Ирина Волчок - Домработница царя Давида
Сейчас Аня сидела рядом с Алиной на скамейке в дальнем углу больничного парка и слушала, как Алина рассказывает о том, что ожидает Аню в будущем, время от времени консультируясь со своим невидимым собеседником.
— Аннушка, ты ведь не случайно этот вариант нашла, — говорила Алина, внимательно глядя на куст сирени сбоку от скамейки и внимательно слушая тишину. — Ведь не случайно? Ну вот, он тоже считает, что это не случайно. В мире нет никаких случайностей. Ты нашла это объявление как раз тогда, когда эта Маргарита искала человека. И то, что она выбрала тебя, — тоже не случайно. Ведь не случайно? Вот видишь, он говорит, что я права.

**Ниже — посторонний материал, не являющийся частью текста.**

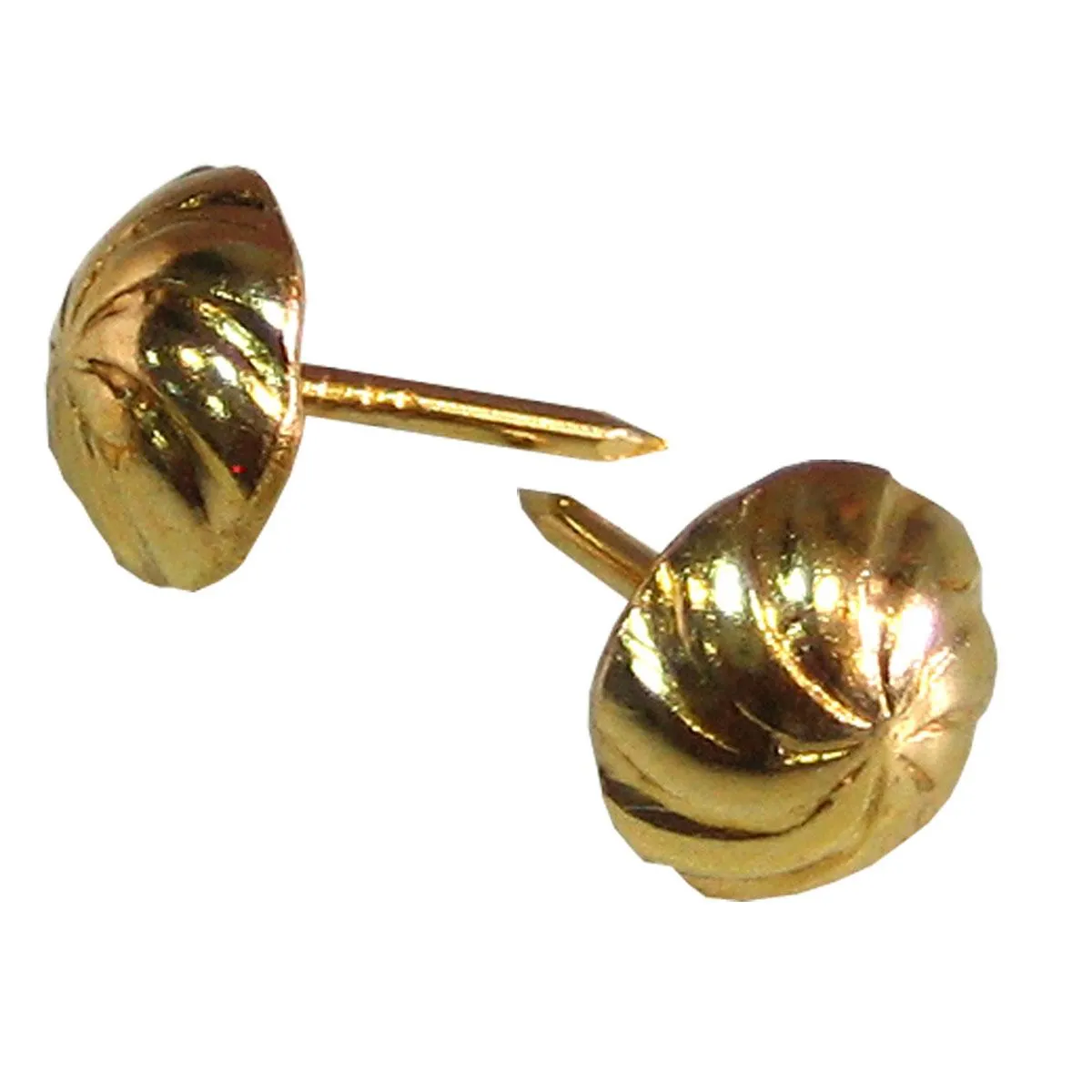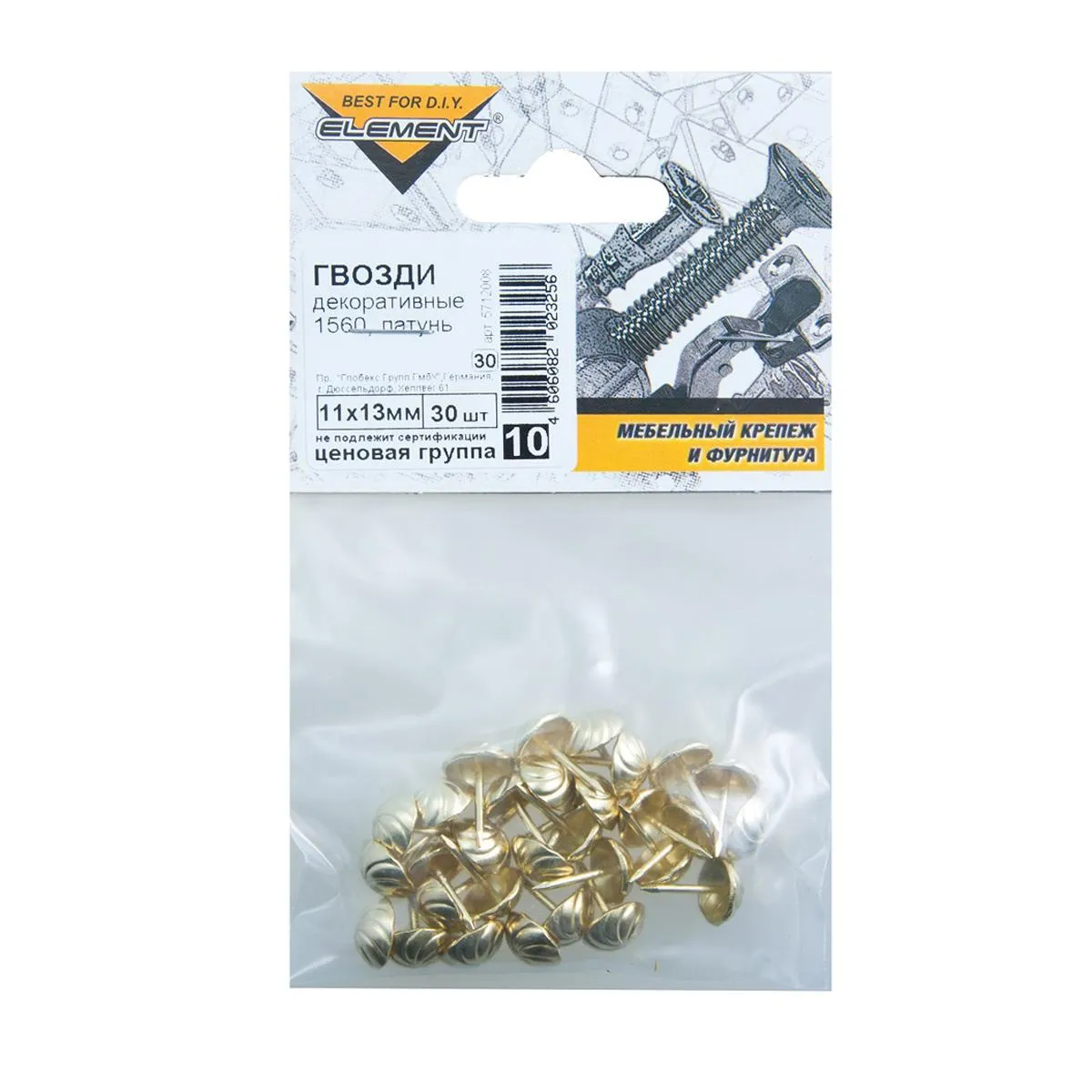 Гвозди декоративные предназначены для лицевого крепления мягких тканей на различных деревянных основаниях. Широко используется на мебельных фабриках и в быту. Как правило, декоративные гвозди имеют тонкий стержень и широкую шляпку, позволяющую удерживать ткань. Рекомендуется забивать декоративные гвозди деревянным молотком или киянкой, чтобы в случае промаха не повредить обивочный материал.Внимание: цена указана за упаковку.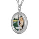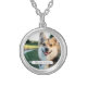 I chose gold plated so that the metal would not react with my skin oils and perspiration. But, I changed the necklace from the gold plated one to a sterling silver. My skin cells will tarnish the silver. But it will not look as bad if some portion of the gold plated necklace somehow became compromised. Zazzle did a find job turning the picture into a pendant for me. As you can see, the colors and the printing of the final product, match the preview. The picture I took is not very clear. But I am pleased with the product I received.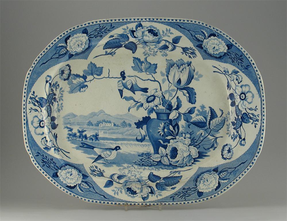 An 'Opaque China' blue printed meat plate, decorate with birds and a large vase of flowers, printed mark, c.1820, 54cm.

Это значит, что ты должна была оказаться в это время в этом месте. Судьба так захотела… Я знаю, ты не веришь в предначертание, даже слов таких не любишь. Ах, как жаль, что ты не слышишь его слов! Ты бы сразу поверила, сразу поняла бы! Он говорит, что ты встала на дорогу, которая ведёт к счастью. Он говорит, что ты заслуживаешь счастья, как никто другой.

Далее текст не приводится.